> Task directions:
Having located the line with "With the market", print it and each remaining line exactly, stopping at the end of the material and omitting pictures.

▼

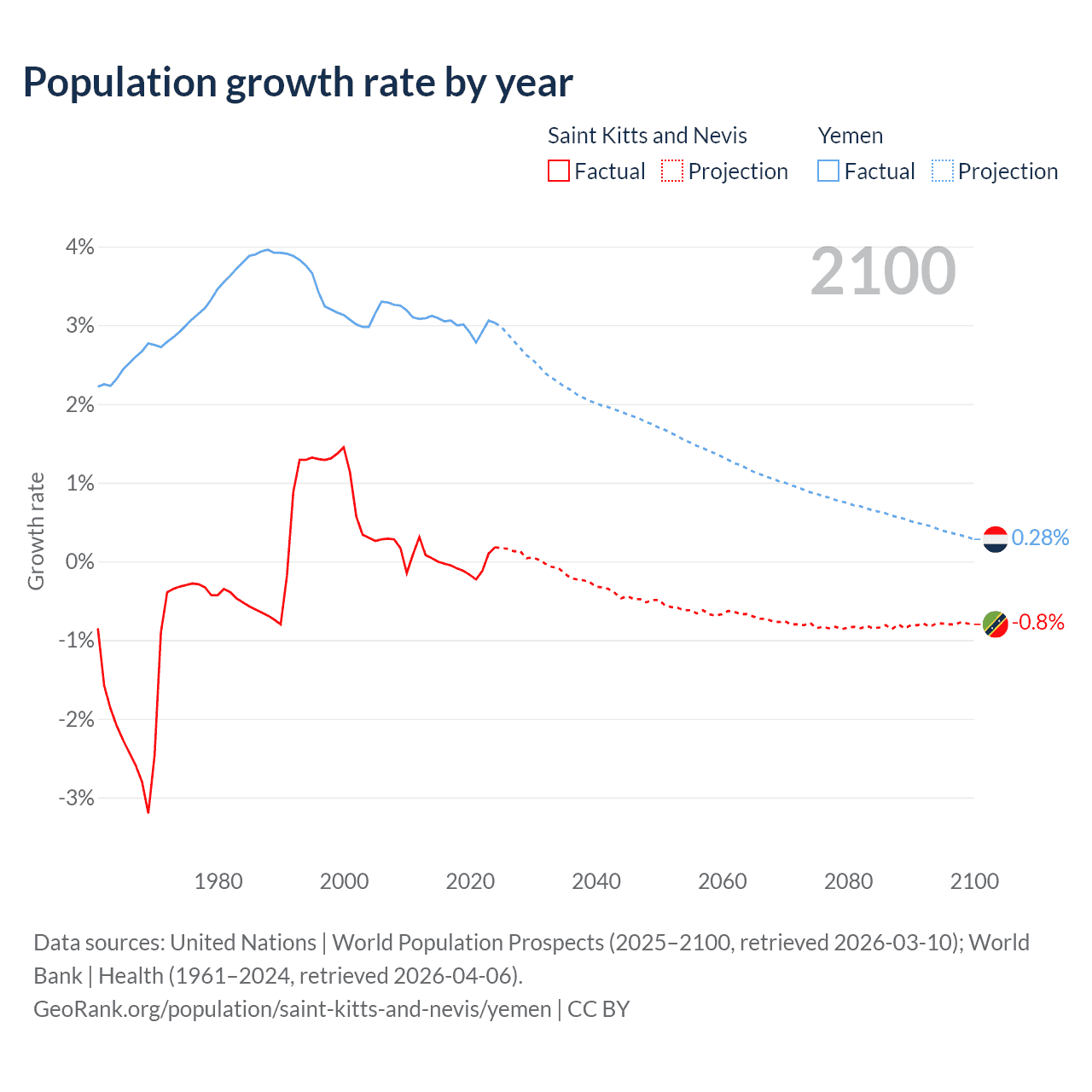 - For the last 10 years, Saint Kitts and Nevis has had an average growth rate of -0.04% per year vs +3% in Yemen.
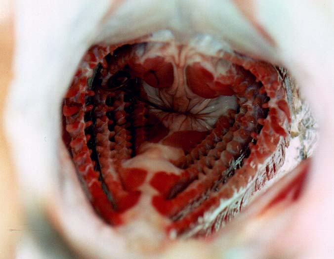 (11話)アカメのうがい アカメは祟るで書いたように、生態調査のためアカメの稚魚を数年飼育していました。その中に、太郎アカメと名付けたアカメがいました。太郎アカメは京大の調査チームの稚魚採取にはじめて参加して、わたしが捕まえた最初のアカメでした。捕まえたときには、30cm弱の2歳のアカメで長期にわたっていた京大の稚魚採取調査でも珍しい年齢で、サンプリングしたいというのを断って飼育調査したいとのわたしの希望をとうして、生かして持って帰ったものです。アカメは食事に関してはかなり保守的で、生きエビばかり与えていると、突然小魚を入れてもすぐには食べようとしなかったり、タカハヤばかり与えているとヨシノボリを入れてもたべなかったりします。特に、ヨシノボリは夏の食欲旺盛時期でも食べず何か忌避物質でもだしているのではなかろうかと考えたりしたほどです。アカメの夏の食欲はすさまじいもので、四六時中空腹なのではと思うほどで、水槽に近づくと水面に頭をもってきて胸ビレを小刻みにふるわせて甘えるような姿勢で待ちかまえます。夏のある日、谷川で餌のタカハヤを穫っていたところウシガエルのオタマジャクシが網に入りました。ムクムクと研究心?がわいてきて、似たような姿だし、色だし、旨そう?だし、水面で瞬時に餌を吸い込むからオタマジャクシを与えるとどうするだろう、食べるだろうかと、もちかえりました。
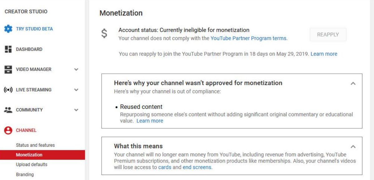 @TeamYouTube My channel got demonatized for "reused content" on my 29, 2019, I contacted the support, didn't get any clear answers regarding which of my content is considered reused. I don't think my channel should fall under "reused content". I am Gamer.pic.twitter.com/3jSWaCz6QT
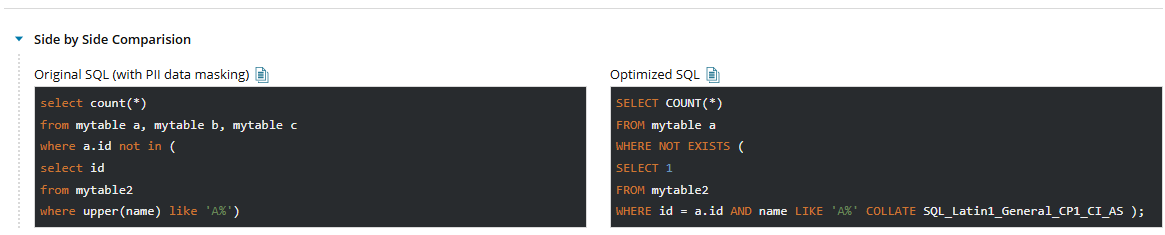 Optimized SQL: DPA shows a side-by-side comparison between the original and optimized SQL text
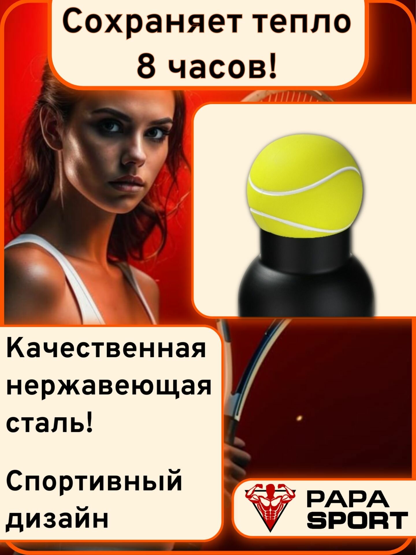 Спортивный термос «Теннис», 500 мл, сохраняет тепло 8 часов, нержавеющая сталь: сравнение цен, характеристики, фото, актуальное наличие и цены.
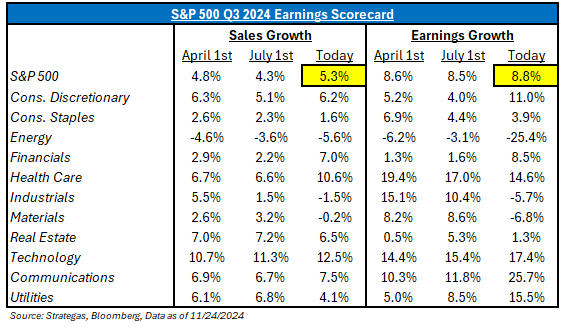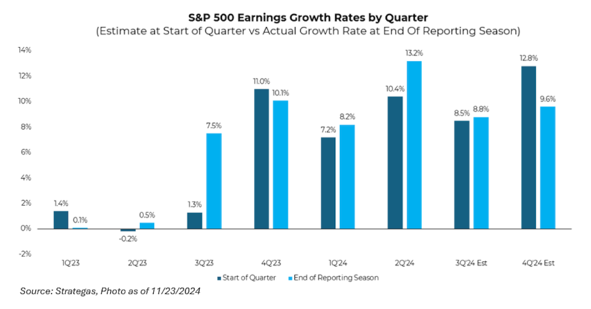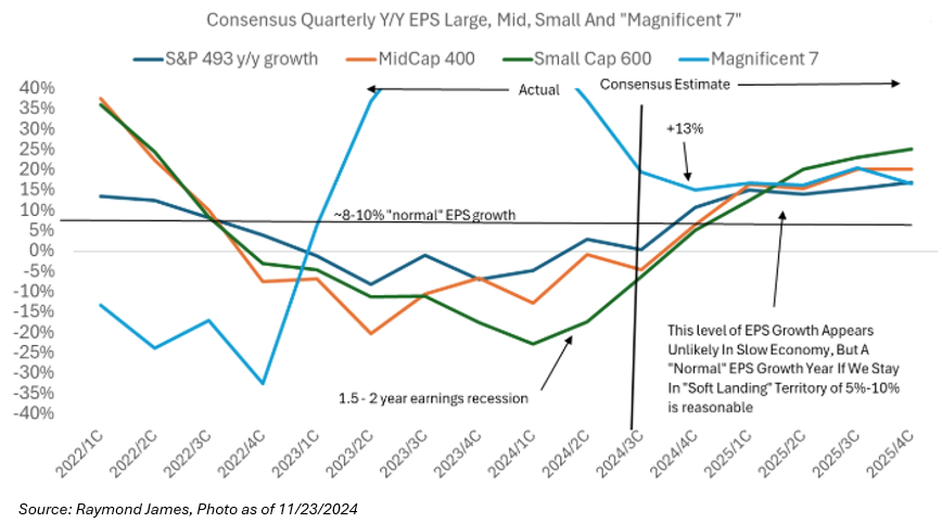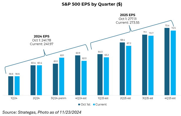 With the market no longer concerned about the election and its shifting focus toward policy uncertainty, the growth rate for next year has come in a couple of percentage points but still remains generally robust. The adjustments are being made to the first half of next year which isn’t all that surprising. As we receive more and more policy clarity, we suspect adjustments will be made. Keep in mind, Trump 2.0 will not see the same EPS benefit as Trump 1.0 simply because a large broad-based tax cut is likely not going to happen for corporations.
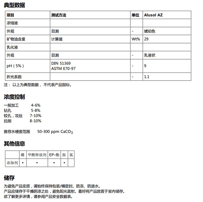 Alusol AZ 是專為鋁合金加工開發的產品,適用于各種嚴苛的加工應用如鉸孔、深孔鉆和攻絲。 該產品也可用于中低合金鋼的加工。
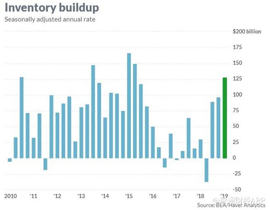 美國官方表示,1季度的增長超出了預(yù)期,部分原因是強(qiáng)勁的庫存增長。根據(jù)政府的數(shù)據(jù),本季度新增商品庫存320億美元,折合年率為1280億美元,推動(dòng)了GDP增長約70個(gè)基點(diǎn)。

▲

> Result for this exercise:
 With the market no longer concerned about the election and its shifting focus toward policy uncertainty, the growth rate for next year has come in a couple of percentage points but still remains generally robust. The adjustments are being made to the first half of next year which isn’t all that surprising. As we receive more and more policy clarity, we suspect adjustments will be made. Keep in mind, Trump 2.0 will not see the same EPS benefit as Trump 1.0 simply because a large broad-based tax cut is likely not going to happen for corporations.
 Alusol AZ 是專為鋁合金加工開發的產品,適用于各種嚴苛的加工應用如鉸孔、深孔鉆和攻絲。 該產品也可用于中低合金鋼的加工。
 美國官方表示,1季度的增長超出了預(yù)期,部分原因是強(qiáng)勁的庫存增長。根據(jù)政府的數(shù)據(jù),本季度新增商品庫存320億美元,折合年率為1280億美元,推動(dòng)了GDP增長約70個(gè)基點(diǎn)。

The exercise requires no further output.